TASK STATEMENT: Your output is to hold only the lines from the one showing "由于我国18-45岁的人群占" through the end of the listing, exactly, with every picture excluded.

INPUT DATA:
□ □ □ □ □

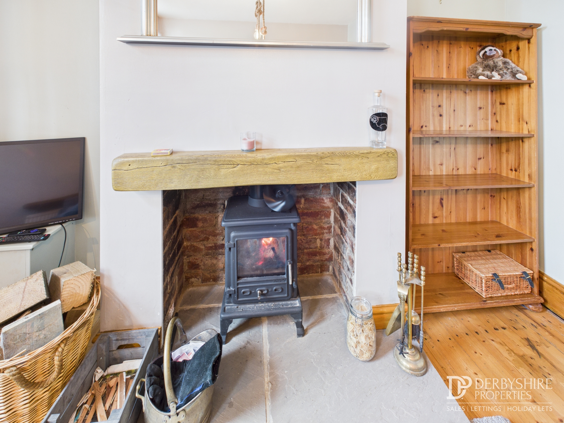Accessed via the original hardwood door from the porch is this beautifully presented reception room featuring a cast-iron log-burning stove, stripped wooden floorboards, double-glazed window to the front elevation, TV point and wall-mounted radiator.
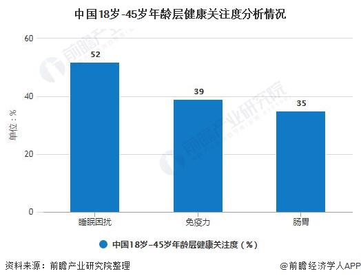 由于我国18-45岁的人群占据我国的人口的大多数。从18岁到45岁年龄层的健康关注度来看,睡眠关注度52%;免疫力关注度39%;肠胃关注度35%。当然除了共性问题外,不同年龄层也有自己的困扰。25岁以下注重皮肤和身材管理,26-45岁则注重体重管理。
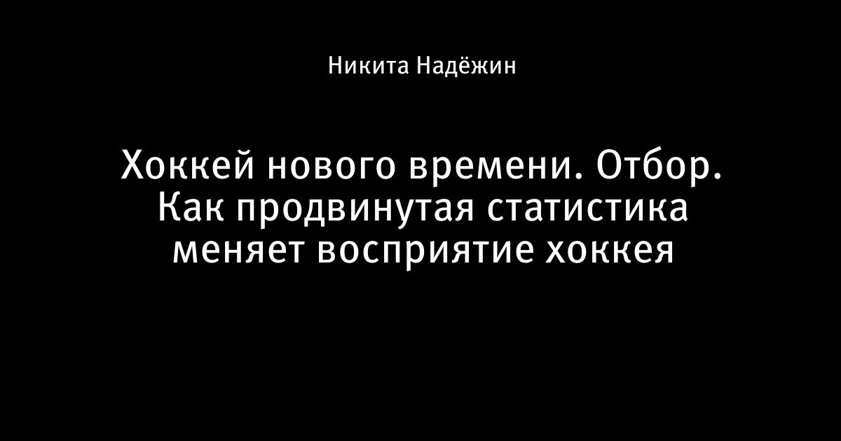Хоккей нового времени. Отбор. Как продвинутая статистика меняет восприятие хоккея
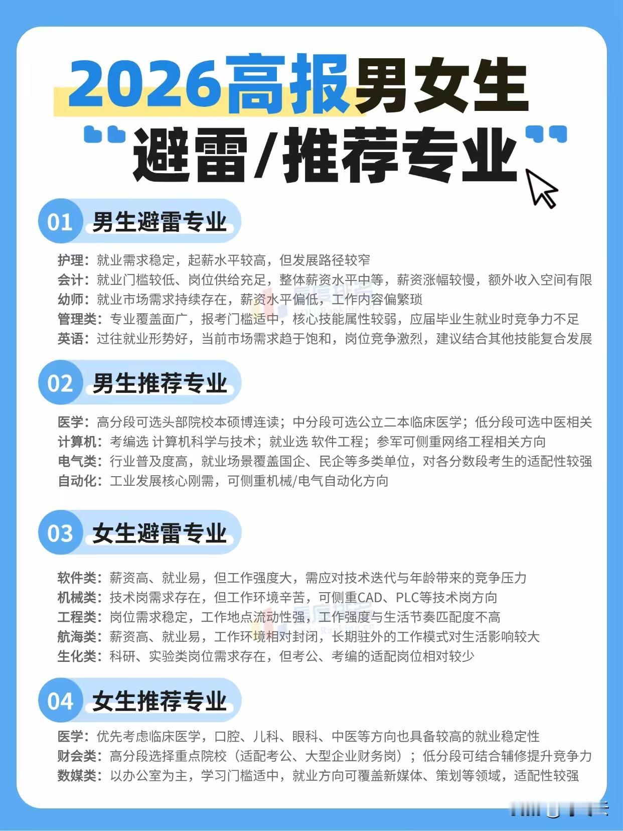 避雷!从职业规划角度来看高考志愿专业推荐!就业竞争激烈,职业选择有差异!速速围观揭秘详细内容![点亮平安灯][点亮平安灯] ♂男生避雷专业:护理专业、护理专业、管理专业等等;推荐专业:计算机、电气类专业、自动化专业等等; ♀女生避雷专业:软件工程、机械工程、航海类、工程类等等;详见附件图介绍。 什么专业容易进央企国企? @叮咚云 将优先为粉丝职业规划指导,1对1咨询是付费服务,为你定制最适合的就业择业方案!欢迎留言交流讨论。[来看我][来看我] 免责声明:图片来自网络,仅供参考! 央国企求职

□ □ □ □ □

SOLUTION TO THIS PROBLEM:
 由于我国18-45岁的人群占据我国的人口的大多数。从18岁到45岁年龄层的健康关注度来看,睡眠关注度52%;免疫力关注度39%;肠胃关注度35%。当然除了共性问题外,不同年龄层也有自己的困扰。25岁以下注重皮肤和身材管理,26-45岁则注重体重管理。
Хоккей нового времени. Отбор. Как продвинутая статистика меняет восприятие хоккея
 避雷!从职业规划角度来看高考志愿专业推荐!就业竞争激烈,职业选择有差异!速速围观揭秘详细内容![点亮平安灯][点亮平安灯] ♂男生避雷专业:护理专业、护理专业、管理专业等等;推荐专业:计算机、电气类专业、自动化专业等等; ♀女生避雷专业:软件工程、机械工程、航海类、工程类等等;详见附件图介绍。 什么专业容易进央企国企? @叮咚云 将优先为粉丝职业规划指导,1对1咨询是付费服务,为你定制最适合的就业择业方案!欢迎留言交流讨论。[来看我][来看我] 免责声明:图片来自网络,仅供参考! 央国企求职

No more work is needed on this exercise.